Module 5: Postcolonial Translation
  Lecture 16: Post-colonial Theory and Translation
 

 

Post colonial literature and translation

There are critics who have pointed out the commonalties between translations and postcolonial literature. In fact, the colony was thought of as a copy or translation of the ‘great European original' ( Postcolonial Translation : 4). Maria Tymoczko points out that translation can be perceived as a metaphor for post-colonial (19). She goes to the etymology of the word ‘translation' as ‘carrying across', or as the transportation of sacred relics like the bones of saints, and notes how it has much in common with the linguistic activity of translation. A ‘minor' literature of a former colony is written/ carried across in another language to a more secure place or centre of power – think of Indian literature written in English for an international readership. Isn't this also a form of translation? Like translation, postcolonial literature also straddles two cultures, but the difference is that the translator's domain is limited to one text whereas the writer's domain is the vast area of her / his cultural context. S/he has to capture all of it in her writing for an international readership. In this process, s/he is free to choose what s/he will represent. The translator, bound to one text, does not have the same range of choice.

Both the postcolonial writer and the translator are addressing an intercultural audience, and are trying to convey material from one culture or language to another. Hence these cultural differences have to be bridged. The translator has recourse to footnotes, glossaries and prefaces to help fill the void between the source language and target language. This does not appear to be the privilege of the creative writer, but it can be seen as part of the narrative strategy of many postcolonial novels. For example, in Amitav Ghosh's The Hungry Tide, Nirmal's diary is used as a tool to introduce the reader to the terrain of the Sunderbans. This introduction is necessary, as this part of the country is relatively unknown to even the Indian reader. Rather than write a preface that might go unread, Ghosh has made it an integral part of the novel by making the central character Kanai read his uncle Nirmal's diary in the first chapter. However, there are writers who deliberately disrupt the narrative and provide maps and footnotes; this is in keeping with postmodern narrative strategy.

The postcolonial writer has a vast cultural space to represent through her/his work. The inclusion of some elements would automatically exclude certain others. This is somewhat like the translator who has to decide which elements of the source text s/he will downplay for the benefit of the receptor readership. This process of selection in writing, and interpretation in translation, are politically or ideologically nuanced.
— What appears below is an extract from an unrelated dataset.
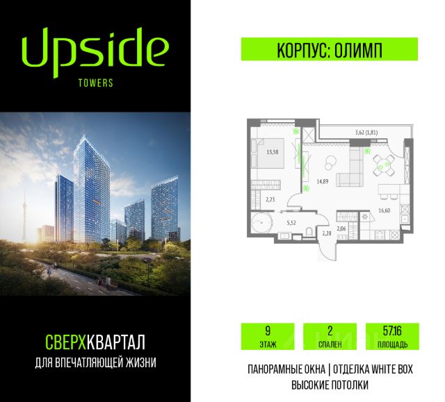Продаётся 2-комнатная квартира площадью 57.16 кв.м на 9 этаже 19 этажного корпуса Олимп в квартале небоскребов "Upside Towers". В квартире отделка White-box, c видом на корпус Эльбрус, Бизнес-парк Останкино, прогулочный бульвар, детский сад, школу, Останкинскую башню. Номер квартиры В0904. Upside Towers - технологичный квартал строится в динамично развивающемся Бутырском районе, в 3 мин. от метро, в 5 мин. от ТТК. На территории 7 га возводится 5 высотных башен от 19 до 58 этажей, названных в честь главных вершин земли. Квартиры с панорамными окнами в пол, высокими потолками и современными инженерными решениями. Благоустроенная зеленая территория включает: приватные дворы, природный комплекс, прогулочный бульвар, ландшафтный парк 2,5 га с сенсорным садом и многофункциональными игровыми и спортивными площадками. В корпусе откроются магазины, кафе и рестораны, а также другие объекты коммерческой инфраструктуры. Большое внимание в проекте уделяется созданию социальной инфраструктуры. Между "Атласом" и "Олимпом" в трехэтажном стилобате разместится уникальное пространство закрытый клуб для жителей квартала Upside Club площадью 2 000 кв. м. Здесь разместятся: каминный зал с роялем, многофункциональная детская зона c двухуровневым игровым оборудованием для малышей и дошкольников, плей-рум для подростков, домашний кинотеатр, коворкинг, переговорные и лектории. На 47 этаже башни "Атлас" откроется SKY SPA Relax с расслабляющей атмосферой, джакузи, сауной, залами для релаксации и йоги. Собственники квартир смогут в любое удобное для них время забронировать посещение спа-зоны через смарт-приложение. На крыше стилобата разместится всесезонная BBQ патио-зона с верандой и закрытыми помещениями для приготовления и отдыха. В башнях откроются смотровые террасы для резидентов с панорамными видами на город, парки, Останкинскую башню, ВДНХ, Ботанический сад и Москву-Сити. Покупая квартиру даже самого минимального размера в Upside Towers, вы получаете в пользование 2 000 м² бесплатных общественных пространств. В рамках проекта строится государственная школа и детский сад, разместится более 15 000 кв.м. коммерческой инфраструктуры. Насыщенная социальная инфраструктура формирует множество сценариев для жизни на территории квартала. В Upside Towers применяются лучшие технологии и практики, чтобы обеспечить высшее качество жизни: Воздух, не уступающий по качеству горному, обеспечит приточно-вытяжная вентиляция. Пятиступенчатая очистка воды с сохранением полезных минералов. Центральное кондиционирование. Внутрипольные конвекторы с естественной конвекцией. Современные системы безопасности и мониторинга микроклимата. Высокоскоростной интернет на всей территории, в квартирах и паркинге за счет усиления GSM-связи всех ведущих операторов. Все места в подземном паркинге оборудованы зарядками для электрокаров. Бутырский район непрерывно развивается и готовится стать новым современным деловым районом Москвы. В рамках программы "Индустриальные кварталы" комплексного р

Aravind Adiga's selection of one aspect of contemporary India , that of the gaping chasm that separates the rich and the poor even in the so-called ‘postmodern' India, in his novel The White Tiger is very much a political decision. His aim is to subvert the image of India as a progressive country on the rise to economic superpower. Similar ideological choices lie behind the decision of a translator to choose a particular text, and translate it as s/he deems fit for the receptor culture.